Other long at bats that ended well for the batter include:
Plate Discipline
The final category is the percentage of pitches taken for balls not including intentional balls. The leaders and trailers here include:
Highest PA OPS Pitches P/PA Ball Ball/P Barry Bonds 3050 1316 12060 3.95 5377 0.446 Chad Kreuter 634 757 2643 4.17 1166 0.441 Rickey Henderson 1290 694 5595 4.34 2437 0.436 Jason Giambi 3036 1020 12622 4.16 5468 0.433 Mark McLemore 2119 712 8417 3.97 3645 0.433 Lowest PA OPS Pitches P/PA Ball Ball/P Alex Gonzalez 2321 674 8289 3.57 2410 0.291 Johnny Estrada 899 741 2999 3.34 880 0.293 A.J. Pierzynski 2015 775 6430 3.19 1893 0.294 Wilton Guerrero 649 629 2096 3.23 621 0.296 Rod Barajas 924 645 3292 3.56 979 0.297
Here is where we see the biggest difference with the top 20% recording an OPS of 837 and the bottom 20% at 705 and a correlation coefficient of .52.
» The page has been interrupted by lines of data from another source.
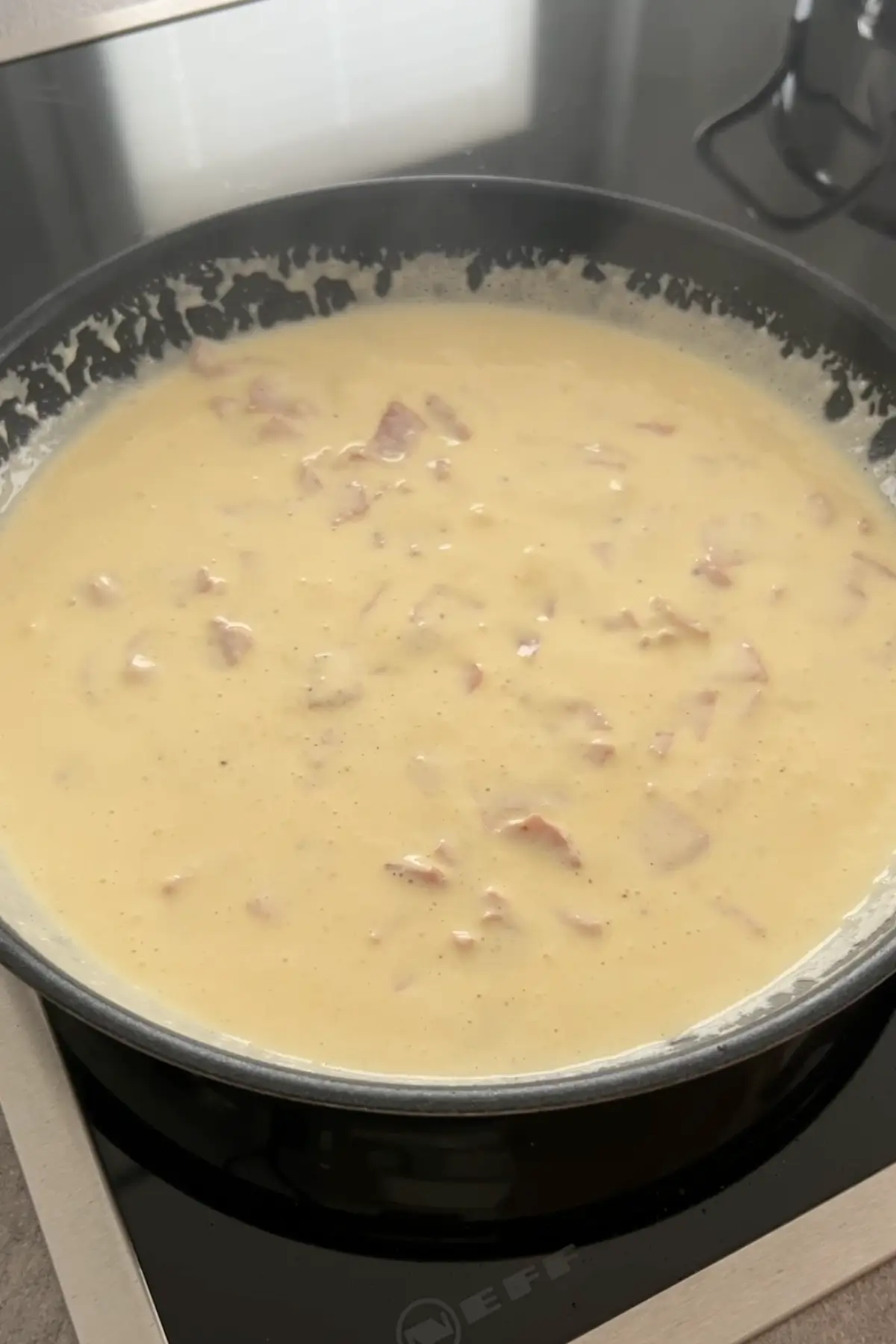 Sahne: Sahne ist der ultimative Geschmacksträger. Fett transportiert Aromen und in diesem Fall sorgt sie für diese unvergleichliche Samtigkeit. Sie verbindet die Schärfe des Knoblauchs mit der Würze des Schinkens und schafft eine homogene Basis, die alles zusammenhält.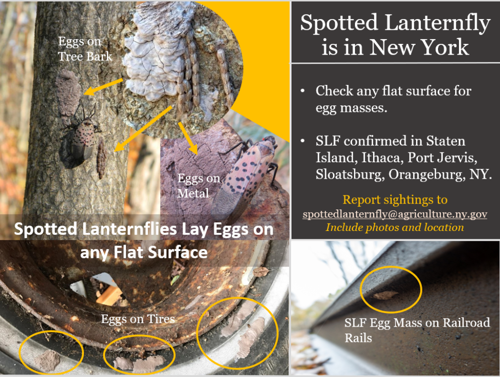This finding adds to the growing list of areas in which the presence of SLF has been confirmed in New York this year. Live infestations have been confirmed in the following NY counties: Richmond, Rockland, Orange, Fairfield, and Tompkins. The counties of Suffolk, Nassau, Kings, Queens, New York, and Westchester have confirmed findings of individual SLF adults but no infestations. A specimen from the Bronx has been submitted for confirmation.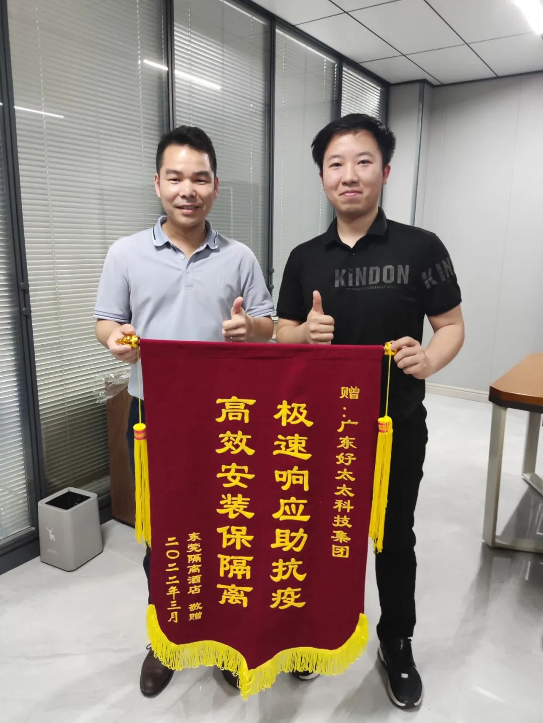 接到項目以來,好太太集團堅守在抗疫一線,與東莞市政府、市衛健委齊心協力,克服重重困難,將980套晾衣機的交付周期由原來的半個月,保質保量地壓縮至一周!為隔離人員提供多一分舒適體驗,為防疫工程貢獻自己的力量!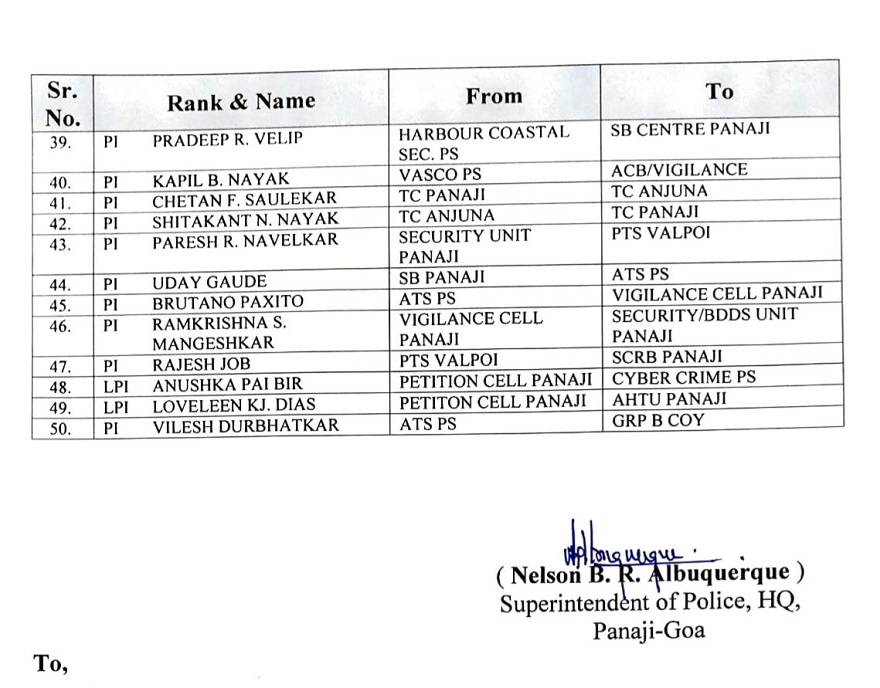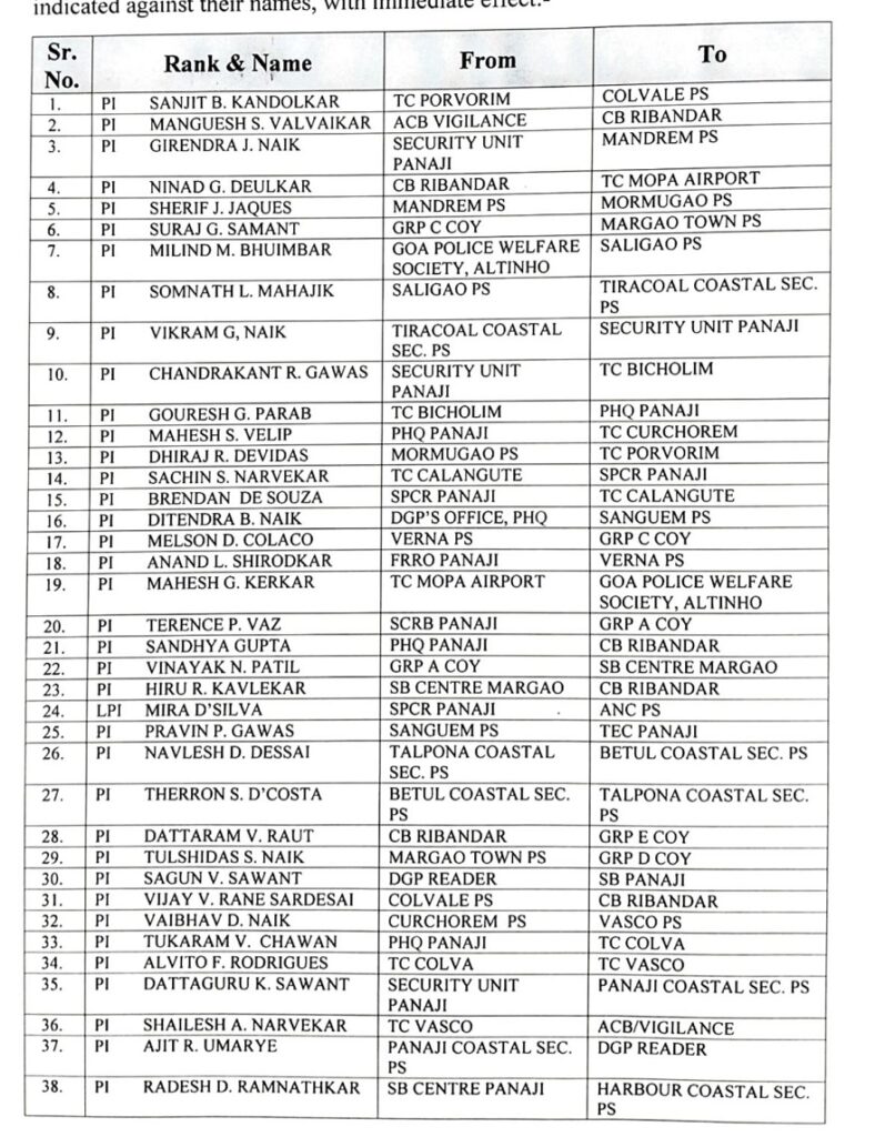 बदली जाल्ल्या पुलीस निरीक्षकांचीं नांवां सकयल दिल्ले प्रमाण:

Naturally, you would expect this since OBP is half of OPS and the number of balls taken directly impacts OBP. In addition, the percentage of pitches taken for balls is not only a function of the selectivity of the batter but also the desire of the pitcher to not serve up a fat pitch to a good hitter as illustrated by the inclusion of both power hitters like Bonds and Giambi as well as the likes of Henderson and McLemore.
The Verdict
So is pitch data an important tool for performance analysis?
My take is that it certainly can paint a picture of how a player approaches his at bats. I like to take a look at it, for example, when a player’s performance suddenly changes to see what they might be doing differently if anything. But as a tool for analysis these standard ways of looking at pitch data don’t really add much to the picture you get from aggregate statistics like OPS or Runs Created.